[Update, December 8 2014: Google has just put out their own stats, showing that 56% of ads aren’t seen. Nothing new to see here! But please keep wasting your money on CPM ads!]
One of the most ubiquitous metrics in the digital marketing word is the “impression”. The idea is simple — if an ad is shown on a webpage or search engine result, it’s an impression. However, this can give advertisers a false sense of exactly how much their ad has made an impact.
A comScore study in 2013 found that 54% of display ads are never seen. Maybe they were displayed on the page, but they were below the fold, or the person left the page before the ad was fully loaded, or a million of other issues.
This feels like the in-joke of the internet, a wink-wink between traditional agencies and publishers — those that sell display ads to unsuspecting clients and the sites that accept ad revenue.
Both of these parties know that display ad metrics aren’t just inaccurate, they’re a heaping pile of bullshit.
Impressions have ended up being the “look how great we are!” measure that agencies that are more focused on trying to obfuscate what’s really going on so that they look good, rather than report on real results. It’s a big number and it looks amazing to say that your ad had 1 million impressions instead of the sad trombone of 10 clicks. This kind of reporting is particularly rife within so-called “traditional” advertising agencies, who are used to reporting on offline campaigns and are still struggling to understand all this internet stuff.
Impressions are also sacrificed to the altar of vague reporting metrics such as “brand awareness”.
We had a real-life example of this when working with another agency for a mutual client. They claimed that an ad had resulted in “brand awareness” due to the large number of impressions the ad received. But in reality, the creative was boring and blended into the site. There wasn’t even a call to action. Just because your ad had 1,000 impressions, it doesn’t mean that:
- 1,000 more people know about your company.
- 1,000 more people feel good about your company.
- 1,000 people looked at your ad at all.
If you need to measure brand awareness, try measuring it on social media or count people visiting your landing page. Did someone talk about your brand on social? Did they go to your site, maybe sign up for your newsletter? That’s brand awareness! Someone glazing over your display ad on a webpage that they viewed for two seconds isn’t brand awareness.

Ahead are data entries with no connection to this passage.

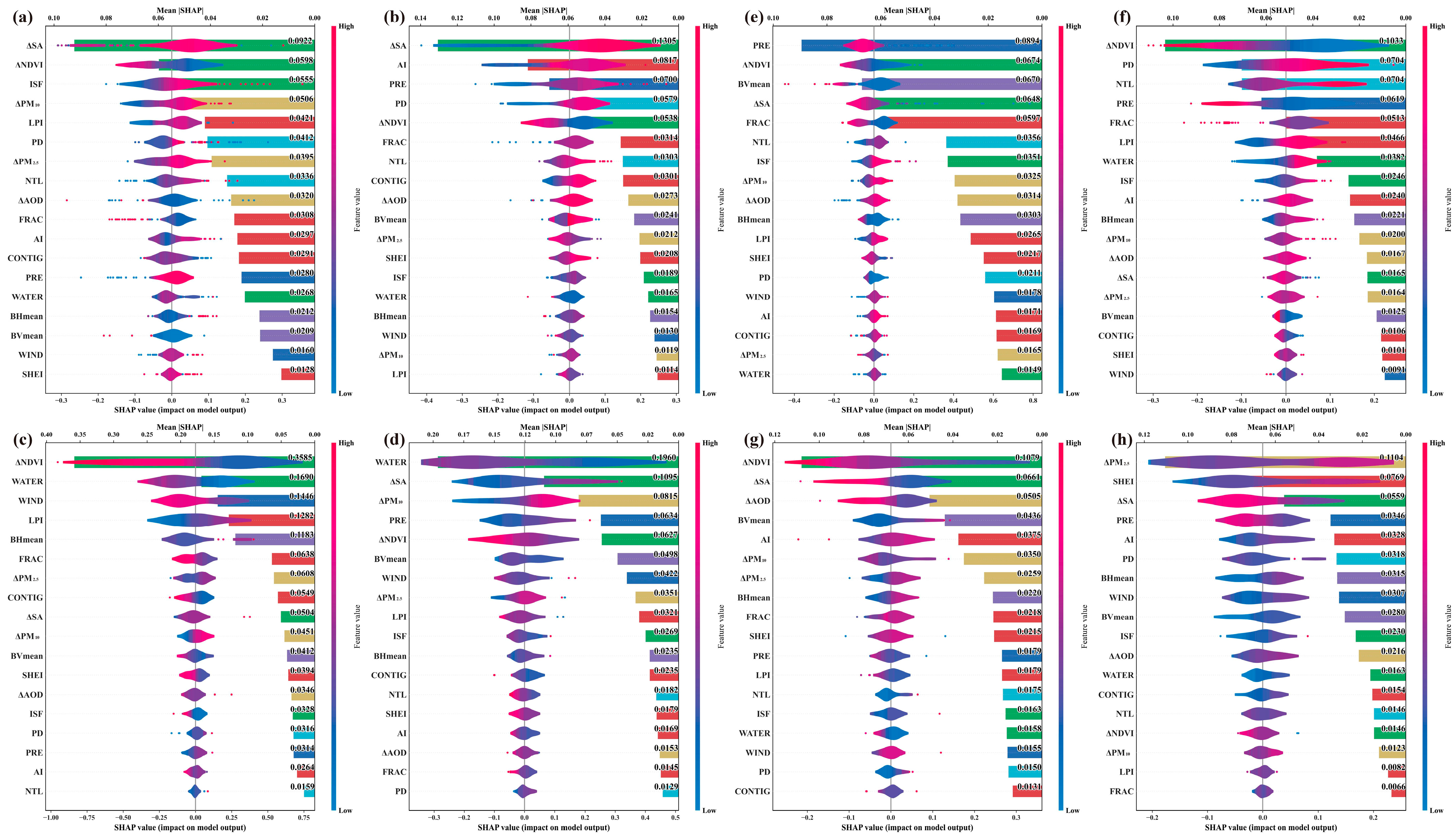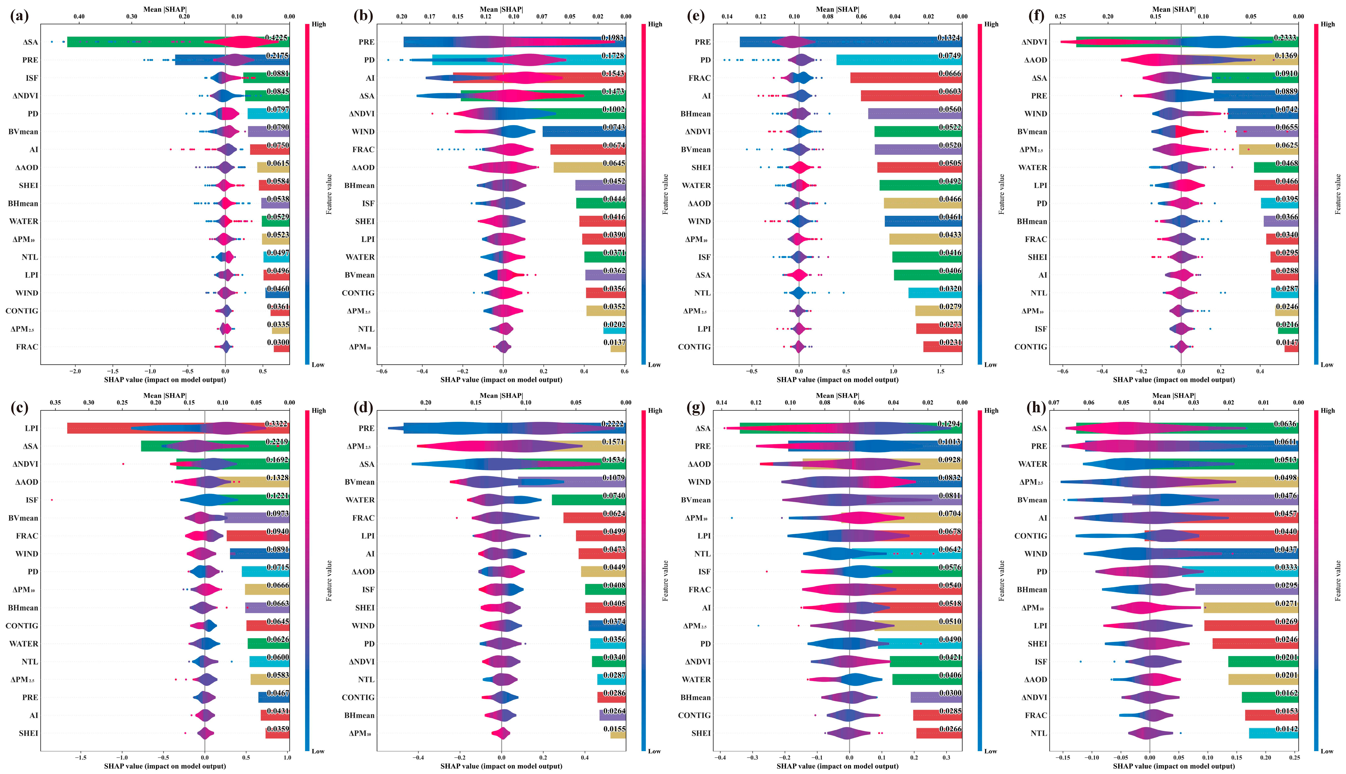 - Hong, T.; Yim, S.H.L.; Heo, Y. Interpreting complex relationships between urban and meteorological factors and street-level urban heat islands: Application of random forest and SHAP method. Sustain. Cities Soc. 2025, 126, 106353. [Google Scholar] [CrossRef]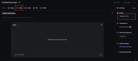 1)登录https://aistudio.google.com/app/prompts/new_chat然后选择模型Gemini 1.5 Pro,以及上方的Video功能。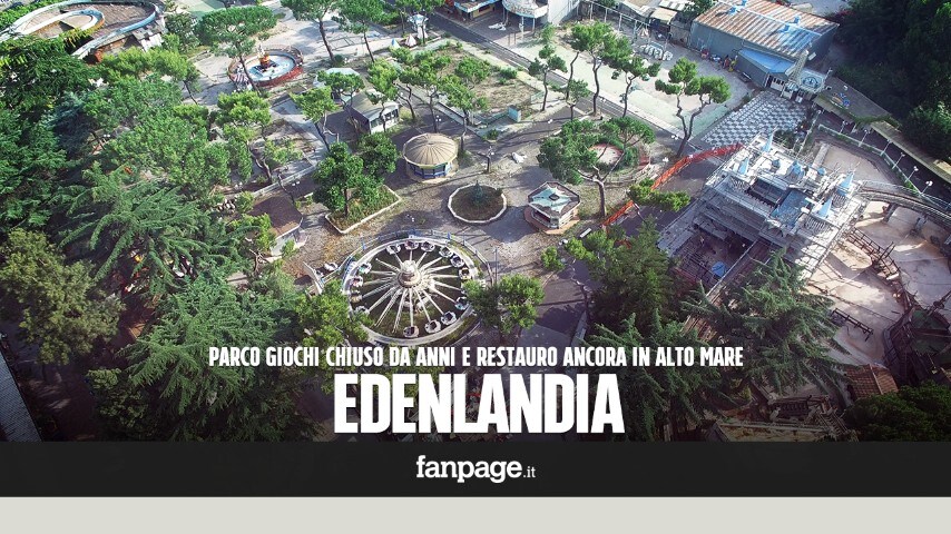 Ecco l'Edenlandia, il parco giochi più grande del sud Italia, chiuso da anni. Visto dall'alto, sembra abbandonato: non sono visibili i lavori di ammordernamento che avrebbero dovuto portare alla sua apertura già nello scorso aprile. Edenlandia è stato il primo parco giochi europeo, costruita nel 1965. Nel 2011 parte la richiesta di fallimento da parte della Mostra d’Oltremare, proprietaria del terreno, alla società Park and Leisure gestore di Edenlandia. Nel 2013 il parco giochi viene definitivamente chiuso al pubblico, 54 lavoratori sono messi in cassa integrazione. Nell'ottobre del 2014 la cordata di imprenditori guidata da Mario Schiano diventa comproprietaria dell’Edenlandia insieme alla Mostra d’Oltremare e nel giugno 2015 viene registrata la New Edenlandia Srl che si propone di: restaurare la giostra dei cavalli, il Drago, Viaggio di Sogno, Dumbo e il Carosello e altre attrazioni storiche del parco giochi, oltre ad un serie di new entry che avrebbero dovuto prendere il posto delle giostre smantellate. Nel 28 febbraio 2016 la cordata si aggiudica la gara e per il 20 aprile 2016 annuncia la riapertura di Edenlandia. Apertura che viene rimandata per problemi con la Soprintendenza per i beni monumentali di Napoli e per la presenza di opere abusive nel sito. Nel maggio 2016 sono completati i lavori di recupero delle arcate d'ingresso del parco, mentre le immagini dal drone mostrano come sono state dismesse le attrazioni: autoscontro, giostra dei cavalli, drago cinese, polipo rotante, giostrine dei bambini. Sono in disuso: tronchi, vecchia America, Castello, maniero, viaggio di sogno, Variety. Il Castello è ancora imbragato con tubi innocenti e dall'alto non si nota nessuna attività di lavoro all'interno del parco.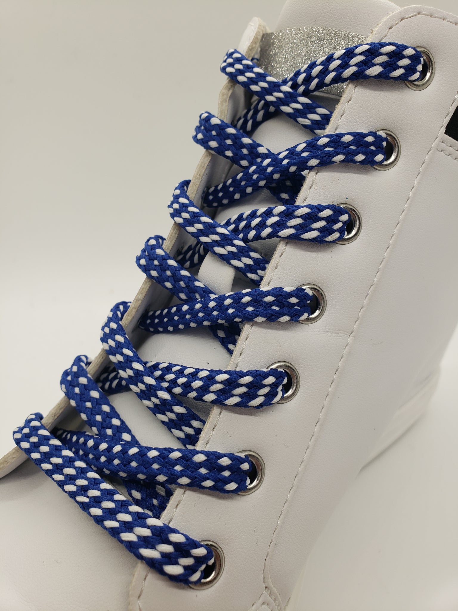 Blue and White Dotted shoelaces – a twist on a classic design that will make your shoes stand out. We call these shoelaces ‘hybrid’ because they are halfway between round and flat. This oval shaped lace is approximately 5/16” wide. Many colors are available but if you don’t see the combination you want feel free to reach out to us.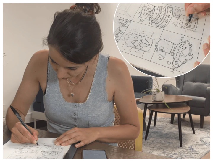 Aurélie dessine chaque petit personnage au stylo bille, Benjamin les scanne, pour les coloriser en numérique. Un processus artisanal, fait maison… mais le résultat ? Tout simplement bluffant !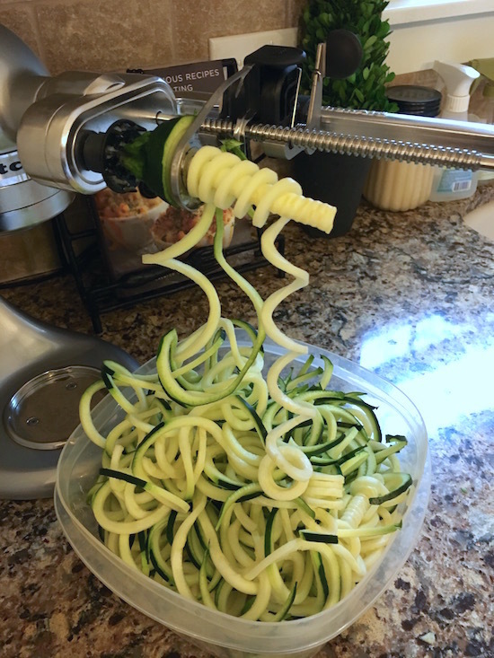 Another personal fave that I just recently discovered is this Kitchen Aid Spiralizer! I got it from Crate and Barrell, but I also found them on Amazon. They are more pricey than the hand crank ones, but if you use this gadget often enough, it might just be worth the investment for you! So much easier, and quicker!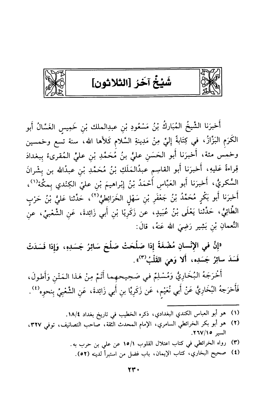 أَخْبَرَنَا الشَّيْخُ الْمُبَارَكُ بْنُ مسعود بن عبد الملك بن خميسٍ الْغَسَّالُ أَبُو الْكَرْمِ الْبَزَّازُ، فِي كِتَابِهِ إِلَيَّ مِنْ مَدِينَةِ السَّلامِ كَلأَهَا اللَّهُ، سَنَةَ تِسْعٍ وخمسين وخمس مئة، أَخْبَرَنَا أَبُو الْحَسَنِ عَلِيُّ بْنُ مُحَمَّدِ بْنِ عَلِيٍّ الْمُقْرِئُ بِبَغْدَادَ قِرَاءَةً عَلَيْهِ، أَخْبَرَنَا أَبُو الْقَاسِمِ عَبْدُ الْمَلِكِ بْنُ مُحَمَّدِ بْنِ عَبْدِ اللَّهِ بْنِ بِشْرَانَ السُّكَّرِيُّ، أَخْبَرَنَا أَبُو الْعَبَّاسِ أَحْمَدُ بْنُ إِبْرَاهِيمَ بْنِ عَلِيٍّ الْكِنْدِيُّ بِمَكَّةَ، أَخْبَرَنَا أَبُو بَكْرٍ مُحَمَّدُ بْنُ جَعْفَرِ بْنِ سَهْلٍ الْخَرَائِطِيُّ، حَدَّثَنَا عَلِيُّ بْنُ حربٍ الطَّائِيُّ، حَدَّثَنَا يَعْلَى بْنُ عبيدٍ، عَنْ زَكَرِيَّا بْنِ أَبِي زَائِدَةَ، عَنِ الشَّعْبِيِّ، عَنِ النُّعْمَانِ بْنِ بَشِيرٍ رَضِيَ اللَّهُ عَنْهُ، قَالَ: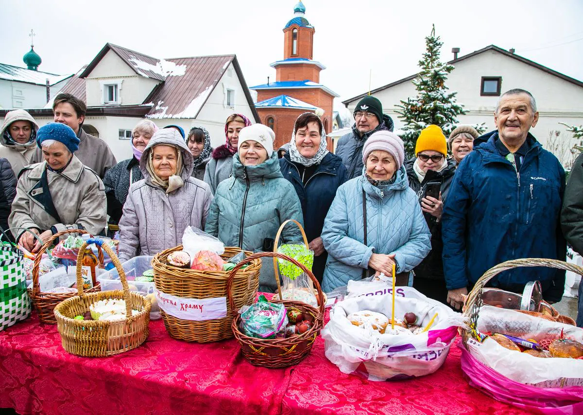 После богослужения епископ Пахомий освятил пасхальные куличи и крашеные яйца. На праздничную службу и освящение пришло много прихожан. Все они принесли свои угощения, чтобы по традиции разговеться после долгого поста.
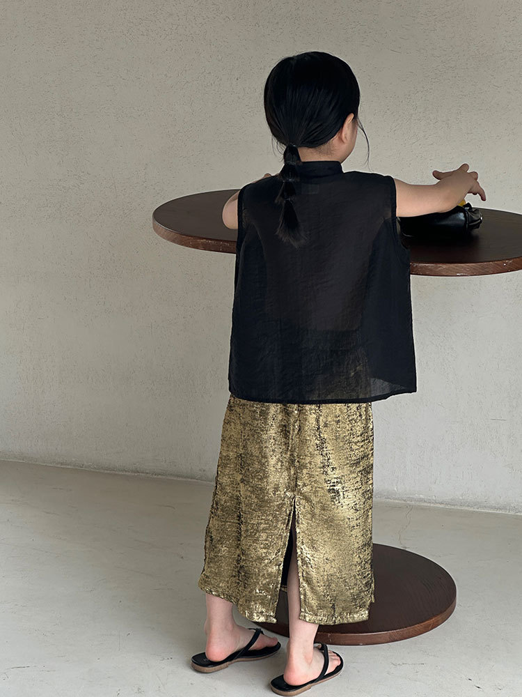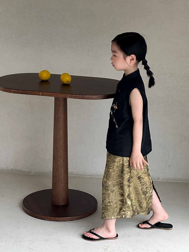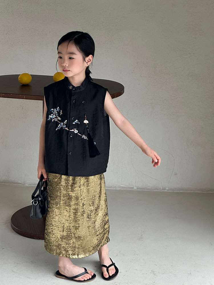 Девушки национальный топ 2024 летний новый новый китайский стиль с вышивкой сливы без рукавов жилет золотая юбка для волос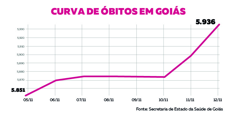 Os números mostram que o aumento de casos foi menor do que o registrado na semana passada. No último levantamento semanal feito pelo Mais Goiás, que apurou os dados registrados entre os dias 29 de outubro e 5 de novembro, o crescimento foi de 2%. Entretanto, a alta é menor do que o apurado entre os dias 22 e 29 de outubro, que registrou 3,6%.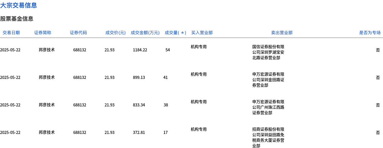 5月22日,邦彦技术大宗交易成交150万股,成交额3289.5万元,占当日总成交额的20.56%,成交价21.93元,较市场收盘价22.2元折价1.22%。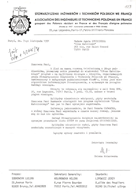 Kolekcja: Archiwa > Archiwum Polskiej Misji Katolickiej we Francji > Zespół 46. Archiwum "Głosu Katolickiego" > 19. Korespondencja 1991-1992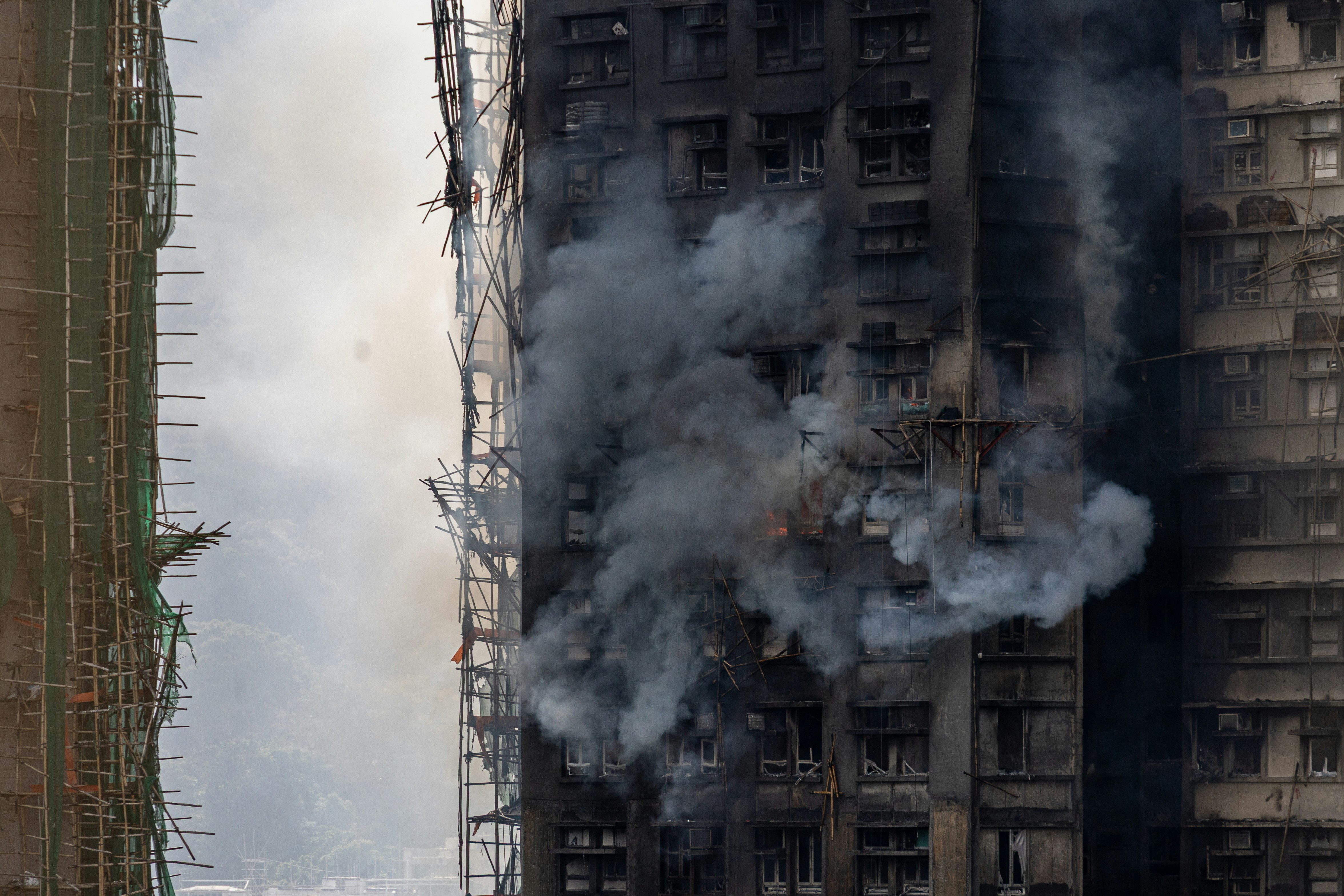 宏福苑大火第三日,大廈仍然冒出白煙。(廖雁雄攝)1 R# V) b7 Q" R' p2 J! N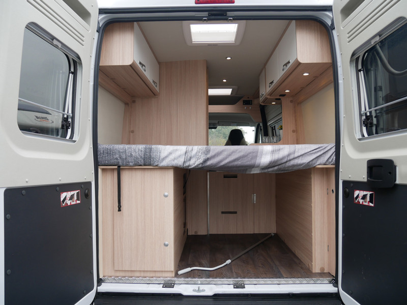 Maten: De camper heeft een stahoogte van 190 cm en dwarbed 135 X 195 cm.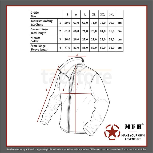 Stay warm and stylish with the MFH British Thermal Jacket in Black - 3XL. Featuring a 2-way front zip, concealed pockets, adjustable collar, hidden hood, and drawstrings for the perfect fit. Made of 100% Nylon with Polyester lining and filling.

(Facebook is also guilty of this. The “boost” button on page posts is paying per impressions, although they call it reach. Reach is also a poorly understood metric that’s becoming a stand in for impressions on social media. Buyer beware.)
How did we get here? In the beginning of advertising, we paid per impression. Billboards cost a certain amount depending on how many cars drove by. Nielsen ratings determined how much advertisers should pay for TV shows — sweeps weeks were how television shows inflated their numbers so they could charge more. We didn’t have a better way to measure things.
Then, the internet happened. Instead of thinking “hey, we can measure all kinds of things now!”, pageviews became the default metric of success because it was comfortable and nobody in advertising had to shift too much. You could say “this site gets 10,000 pageviews a day”, put down your client’s money and then tell them that they got 10,000 ad views. Just like buying a radio ad, right?
Pageviews should never have been the default measure of advertising. It’s resulted in awful clickbait headlines (You won’t believe what happens next!) and multipage slideshows (I’m looking at you, Huffington Post). But pageviews are a metric that could be easily measured and sold to people who understood the old school of advertising.
What they didn’t understand (or willfully ignored) was banner blindness. Spend 5 minutes on the internet, and you’ll start to zone out the ads. Some pages make it hard by shouting at you, showing popups, and pushing giant page takeovers, but loud isn’t the new good. You can’t make someone want to pay attention to your creative that was recycled from a billboard.
The internet is not just a cheaper billboard. If your ad isn’t compelling, if it doesn’t speak to me, then you might as well save your money and take yourself out for a nice dinner instead.
The internet, while still a baby, is learning really fast. We can target based on behaviour, what you’re searching for, your age, your Facebook interests, whether or not you already visited our site — a million different ways to show exactly the ad that you’ll be interested in at the moment you see it. But instead, most advertisers submit webpage visitors to the blunt force trauma of multiple ad impressions, hoping for a nice big number they can show on their PowerPoint presentation the next time they’re at a client meeting.
People on the internet aren’t lemmings, just waiting around to be shown something flashy so they can jump off a cliff after it. We all see ads every single day, and we’re smart enough to decide what’s interesting and what’s just more crap to ignore. Recycled creative and scattershot advertising isn’t just lazy, it’s disrespectful to you and to your client. Reporting on impressions reinforces the idea that if you show an ad enough times, we’ll just have to give in to the message. And we all know that isn’t true.